§ HOW TO COMPLETE THIS TASK:
Look for "Jersey" in every line of the listing. Copy the lines that have it.

════

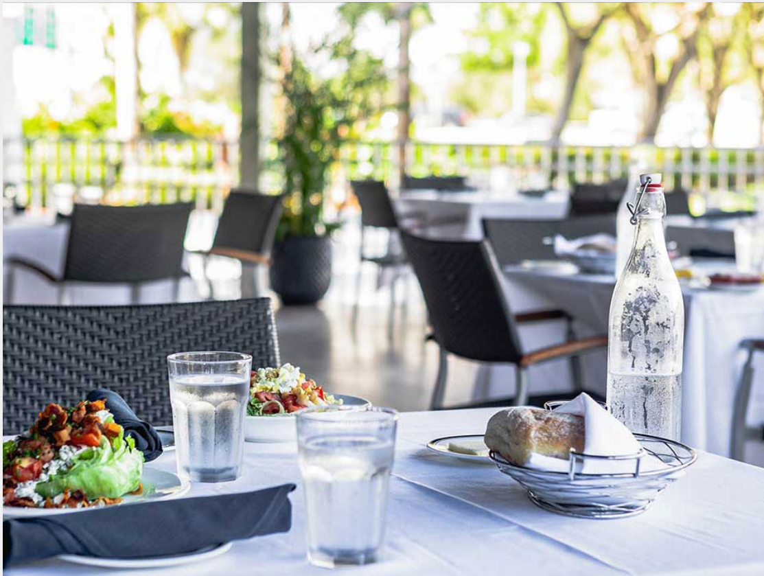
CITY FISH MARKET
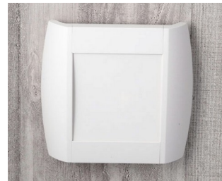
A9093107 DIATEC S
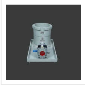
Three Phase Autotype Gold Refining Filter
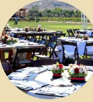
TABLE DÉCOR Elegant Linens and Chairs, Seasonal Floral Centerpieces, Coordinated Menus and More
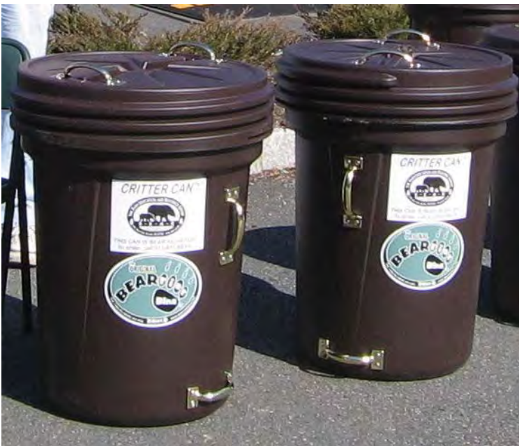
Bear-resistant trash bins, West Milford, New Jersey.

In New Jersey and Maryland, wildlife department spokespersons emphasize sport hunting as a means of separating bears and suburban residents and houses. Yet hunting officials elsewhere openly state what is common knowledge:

════

§ FINISHED EXERCISE:
Bear-resistant trash bins, West Milford, New Jersey.
In New Jersey and Maryland, wildlife department spokespersons emphasize sport hunting as a means of separating bears and suburban residents and houses. Yet hunting officials elsewhere openly state what is common knowledge:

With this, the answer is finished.